HMAC API exposed via public site?
What steps can I take to prevent unauthorised access to our API (if indeed any are required)?
Background
The diagram below illustrates a microsite we're implementing, and an HMAC API we're providing (for several purposes) which returns commercially sensitive data to authenticated consumers. The arrows represent intended (green) and unintended (red) communication.
The HMAC API is intended for address autocompletion. There is no login for the microsite. The page has an address input. To enable autocomplete the page makes an AJAX GET call to the controller after each keystroke. For each AJAX GET call, the controller constructs the HMAC and makes a request to the HMAC API.
The problem
I can't see anything currently preventing consumption of the AJAX GET method.
Considerations
I've read that AnitForgeryTokens aren't useful on GET methods, but that you can get around this by turning it into a POST. That sounds a bit ugly, but since this is only a microsite (i.e. we're throwing it away after a month or so) I'm quite prepared to put up with ugly security.
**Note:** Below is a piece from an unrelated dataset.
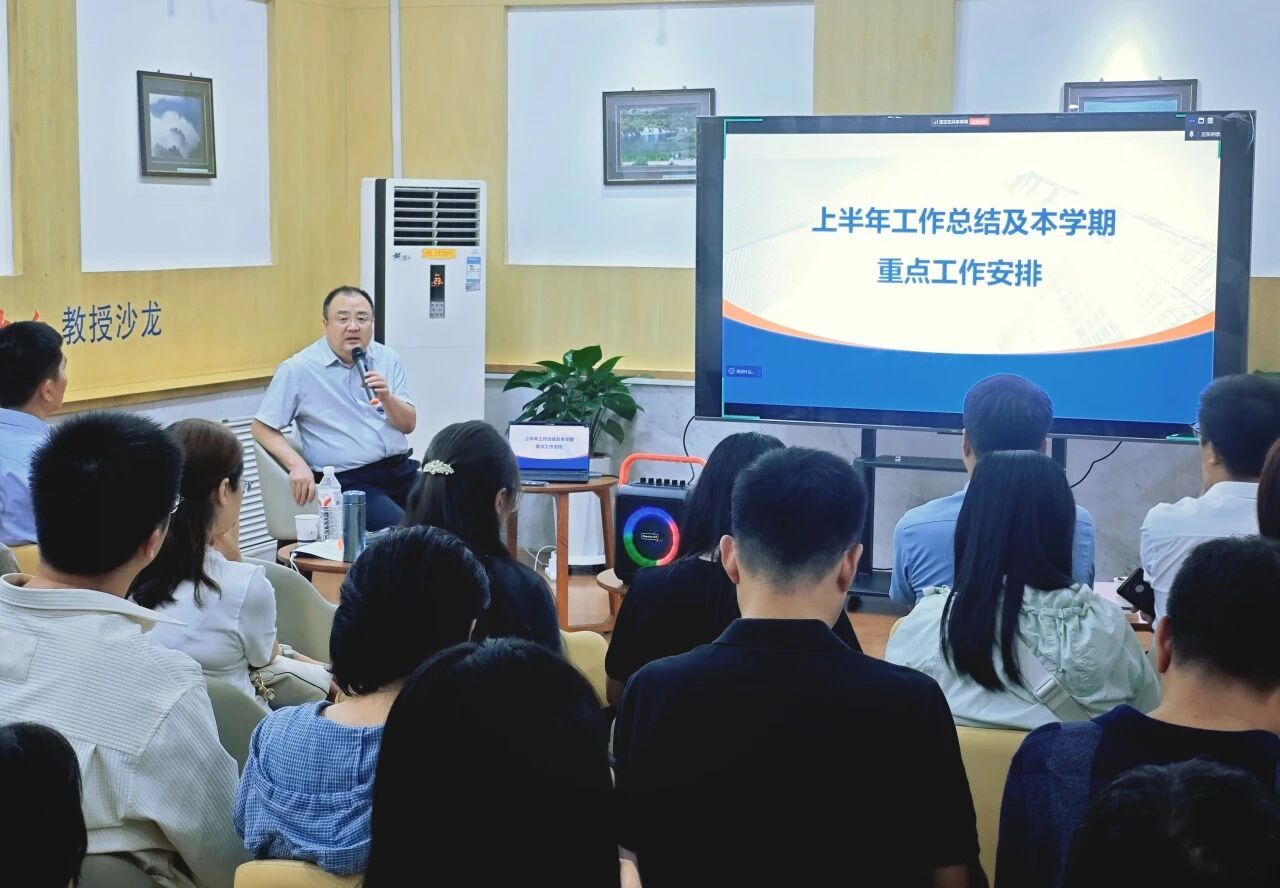 随后,学院各分管领导依次汇报工作。副院长马春燕就教学工作进行了梳理,通报了2025年教材建设、教学成果奖、高水平大赛等“目标责任制”完成情况,从智慧课程建设、教材建设、名师培育、竞赛、思政课程等方面,提出了一系列切实可行的推进计划;副院长郭培荣全面总结了上半年科研工作取得的突破与进展,明确了下半年学院科研攻关“揭榜挂帅”项目推进、科研团队(小组)建设、科研项目申报、保密管理、安全生产工作等重点工作;党委副书记陈博聚焦党建与学生工作,回顾了党建、创新竞赛、共青团工作、学生深造、就业工作、河北招生工作等方面的工作成效,并对新学期重点任务作出了部署;院长助理张凯龙围绕国际化推进工作,总结了引智资源平台建设、优质海外教师引进、国际联合培养、学生出国境交流等方面的成果,并明确了下一步拓展国际合作的目标与路径;办公室主任王宇英就人事与人才工作汇报了人才引进、青年教师培育、人事管理等方面的进展,对下半年人才项目申报、制度与平台建设等重点工作作出了安排。

Seven years on from that, is that still the best way?
prevent unauthorised access to a method on an unauthenticated controller
If you don't have any authentication and authorization ("unauthenticated controller") then there can be no such thing as an unauthorized access: i.e. every access is allowed. And, what does not exist cannot be prevented.
If you could defined what unauthorized access means in your use case you might be able to add some authorization which prevents it.